Bupati Madina pernah mengirimkan surat ke Pemprov untuk membatalkan proyek karena terkendala banyak faktor seperti lokasi. Namun, karena Pemprov belum memberikan jawaban, Sahlan percaya diri menjajakannya ke beberapa kontraktor. Belakangan, pilihan jatuh kepada PT Sige Sinar Gemilang milik Surung Panjaitan. Menurutnya, Surung bersedia memberikan fee proyek sebesar 15 persen. Menurutnya, sebanyak tujuh persen dari fee tersebut akan dipakai untuk biaya asistensi ke Pemprov dan dibagikan ke Bupati dan para bawahan.

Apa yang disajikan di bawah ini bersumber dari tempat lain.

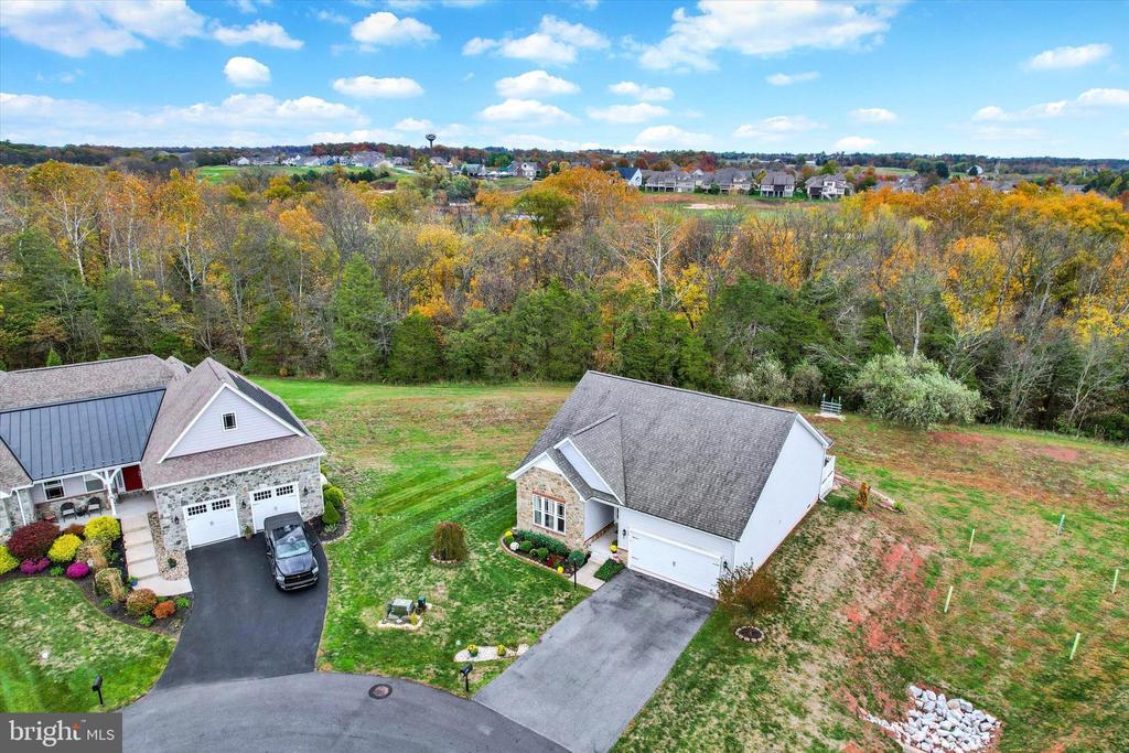 Looking for privacy? Nestled on a quiet cul-de-sac in Cumberland Crossing at The Links of Gettysburg, this charming ranch-style home offers the perfect blend of comfort, convenience, and peaceful surroundings just south of historic Lincoln Square in Gettysburg and moments from the MD/PA line. This move-in-ready home features an inviting open-concept layout with 9-foot ceilings, crown molding, and light-filled living spaces. The living room boasts a gas fireplace with a handsome stone hearth and built-in seating, while the eat-in kitchen shines with stainless-steel appliances, granite countertops, and a breakfast bar. A first-floor laundry room with pantry and coat closet adds everyday practicality. The primary suite includes a walk-in closet and private bath with a walk-in shower, both with handy space saving sliding doors. Downstairs, the finished lower level features a 38’ x 16’ family room with recessed lighting, plus a 353-square-foot unfinished utility area with a gas water heater, gas HVAC system, radon mitigation system, 200-amp electric panel, and sump pump perfect and plenty of room for storage or future expansion. Outdoor living is easy with an 8’ x 6’ covered concrete front porch and multi-level rear decks (10’ x 10’ and 11’ x 10’) overlooking a wooded backdrop for privacy. A wonderful opportunity to enjoy one-level living in a peaceful, well-kept community near golf, shopping, and all the charm of Gettysburg!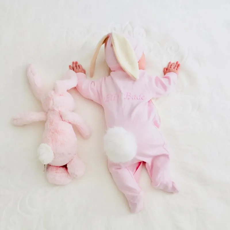 Personalisiertes Hasen-outfit Für Baby, Individueller Name, Baby-häschen-strampler, Personalisiertes Handbesticktes Oster-outfit, Baby-geschenk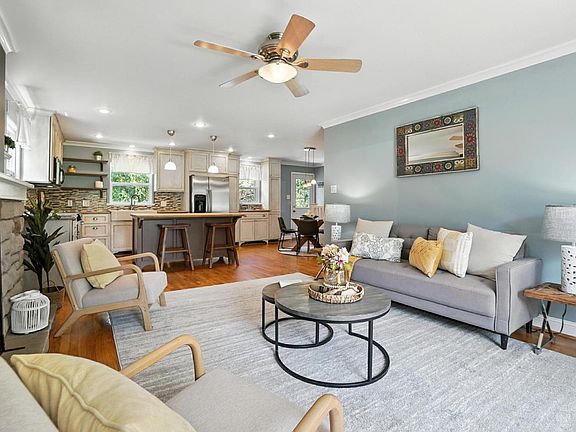Beautifully updated 4-bedroom, 2 full bath ranch situated on over an acre of private, fenced-in property! This spacious home features a stylishly renovated kitchen, finished walkout basement with a full bar, and two cozy gas fireplaces. Enjoy seamless indoor-outdoor living with a large, level yard perfect for entertaining. Additional highlights include a 2-car garage and generous living space throughout. A rare combination of space, updates, and privacy - don't miss this one!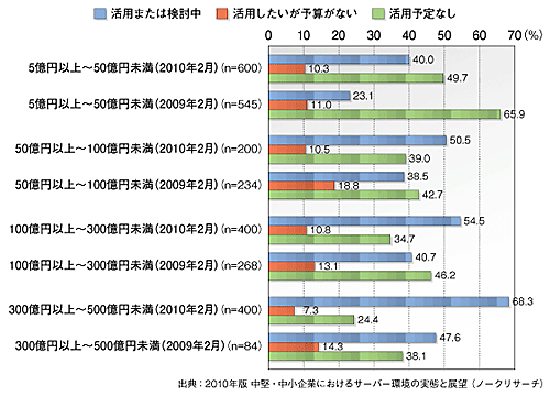 システムごとにクラスタ構成を組むよりも、コストや運用管理の面で有利な場合もあるだろう。このように、比較的低い年商帯の中堅企業は、システムの安定性を高める手段としてサーバーの仮想化に着目している。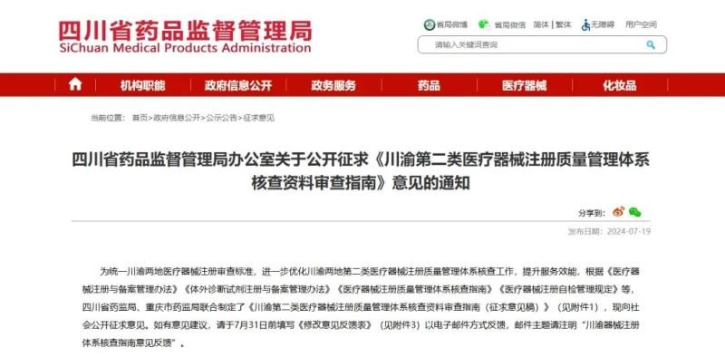 按照《深化川渝政务服务合作2024年重点工作任务清单》工作计划,为统一川渝两地医疗器械注册审查标准,进一步优化川渝两地第二类医疗器械注册质量管理体系核查工作,明确资料审查的适用条件及核查形式,提升服务效能,避免重复检查,结合工作实践,参考《医疗器械注册与备案管理办法》《体外诊断试剂注册与备案管理办法》《医疗器械注册质量管理体系核查指南》《医疗器械注册自检管理规定》等相关规定,联合制定本指南。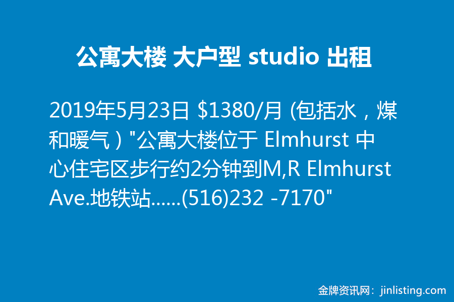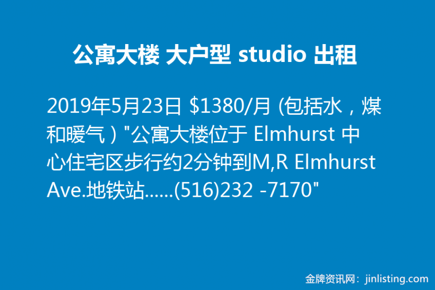 公寓大楼 大户型 studio 出租 $1380/月 (包括水,煤和暖气 ) “公寓大楼位于 Elmhurst 中心住宅区,步行约2分钟到 M,R Elmhurst Ave.地铁站, 也可步行至F,E,7号站。去曼哈顿仅需20分钟。 大楼环境佳。购物,餐饮应有尽有,生活机能完善。 公寓内设有洗衣机,烘干机。无需外出洗衣,方便省时。 难得大户型 STUDIO 出租 $1380/月 (包括水,煤和暖气 ) 大楼管理的非常棒。管理员随叫随到,人很好,不用担心有关住宅硬件的任何问题。 STUDIO宽敞明亮内有4个closets 和1个更衣室,储物空间大。室内配有简单家具,随时入住。 欢迎有稳定收入的朋友和同学们入住,相信您一定会住得满意。如有意者请text message 给我(屋主 ) Kathleen (516)232 -7170”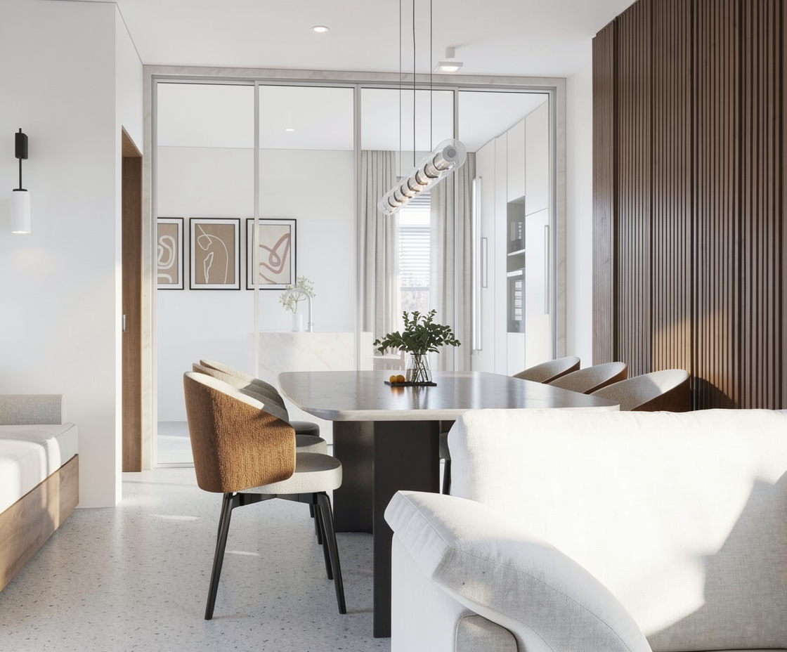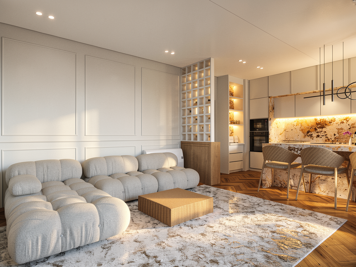 ultrarealistic render led at the kitchen white carpet

Pengacara Hidayat, John K Azis, menanyakan bagaimana tanggapan Bupati sewaktu nama Surung mulai disebutkan dalam pembahasan proyek RSUD Panyabungan.

“Saya lupa, Pak,” kata Sahlan setelah hening sejenak.
Saksi lainnya, anggota DPRD Madina Ali Mutiara menyatakan uang Rp 1 miliar yang diberikan kontraktor Surung Panjaitan dan akhirnya sampai ke Bupati Madina Nonaktif Hidayat Batubara tidak pernah dimaksudkan sebagai pinjaman.

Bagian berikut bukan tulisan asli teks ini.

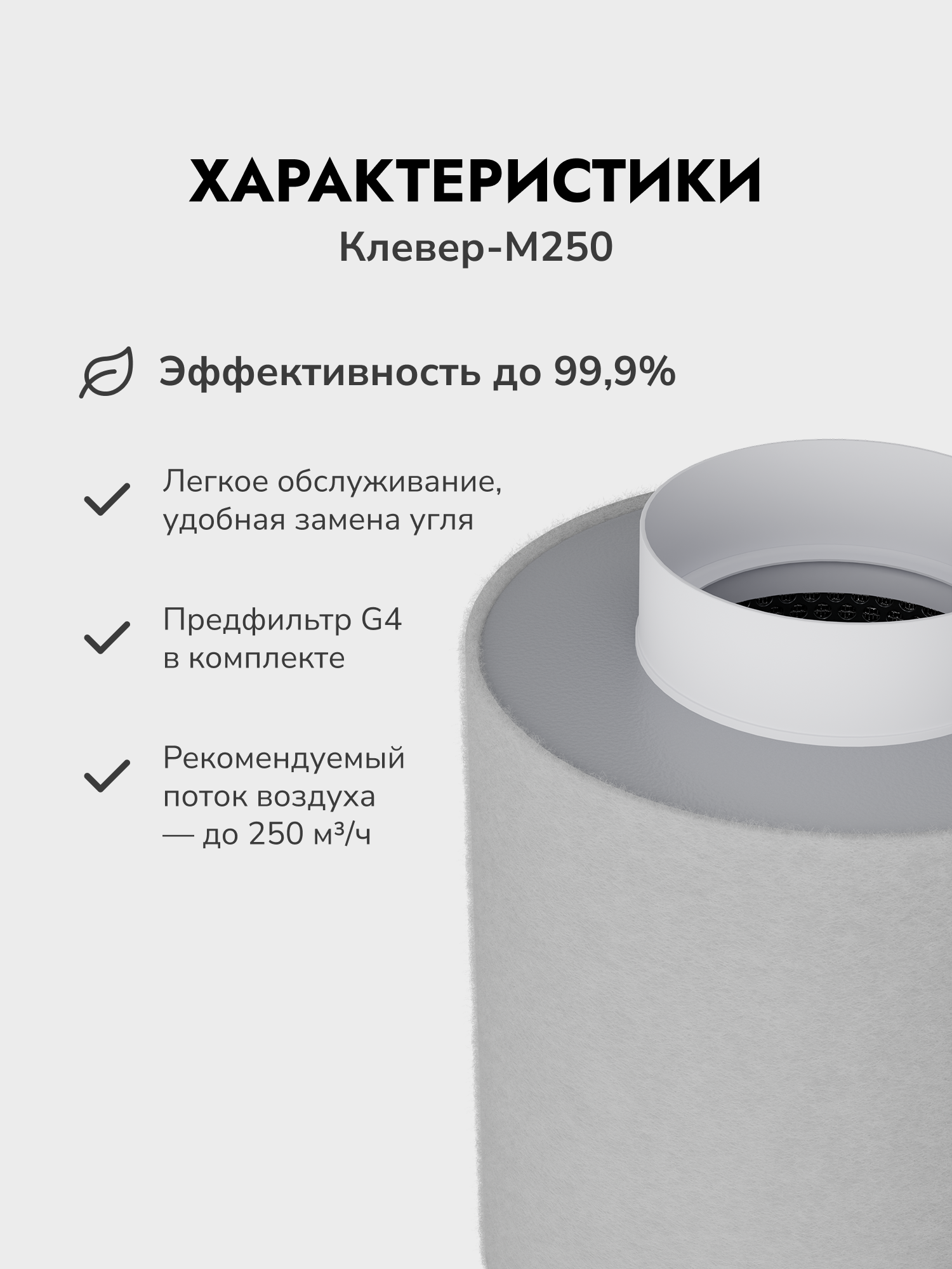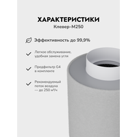 Характеристики Фильтра КЛЕВЕР-М250: Производительность вентилятора до 250м3/час, Диаметр патрубка/ Диаметр корпуса/ Высота фильтра с патрубком (мм) - 100/180/332 Количество угля (кг/литров) - 2,2/4,4 Вес фильтра (кг) - 3,2* (Вес может незначительно изменяться в зависимости от влажности окружающего воздуха и партии угля)

“Istilah pinjaman itu baru keluar setelah penandatanganan kuitansi,” kata Ali saat bersaksi. Ali Mutiara adalah orang yang mengenalkan Surung kepada para bawahan Bupati yang dimintai mencari kontraktor untuk menangani proyek pembangunan RSUD Panyabungan senilai Rp 32 miliar.

Ali Mutiara mengaku pertama kali mendengar Bupati Madina membutuhkan uang Rp 1 miliar dari seorang pengusaha, Nora Manurung, saat keduanya nonton bareng di sebuah bioskop. Menurut Nora, Bupati sedang butuh uang Rp 1 miliar-Rp 1,2 miliar dan telah mengutus Plt Kadis Pekerjaan Umum Khairul Anwar Daulay untuk mencari uang.
Kuasa hukum Hidayat yang sejak awal perkara ini disidangkan berkilah bawah kasus antara kliennya dan Surung bersifat perdata, sempat mempertanyakan istilah yang digunakan Ali. Sempat ragu dan menyatakan Bupati hanya ingin meminjam uang, akhirnya Ali kembali pada pengakuan awalnya. Kuasa hukum Khairul yang sidang perkaranya digelar belakangan juga mengejar Ali dengan pertanyaan serupa. Namun, ia tetap kukuh sejak awal tidak ada istilah “pinjaman”.

Belakangan, ia juga bertemu dengan Raja Sahlan yang mengaku ditugaskan Bupati mencari kontraktor untuk proyek di RSUD Panyabungan.

“Tolong carikan kontaktor rumah sakit. Jangan sampai gagal proyek itu,” katanya menirukan perkataan Sahlan. “Bantu dari kawan ke kawan saja, Pak.”
Ali Mutiara yang mengaku sudah cukup lama tak bertemu muka dan tidak pernah dibalas sms-nya oleh Bupati Hidayat mengaku sempat mendengar keterlibatan dirinya tidak direstui oleh Hidayat. Namun, setelah kontraktor yang Leonard Sihite mengundurkan diri, keterlibatan Ketua I DPC Partai Demokrat ini berlanjut. Ia bahkan deal dengan Surung.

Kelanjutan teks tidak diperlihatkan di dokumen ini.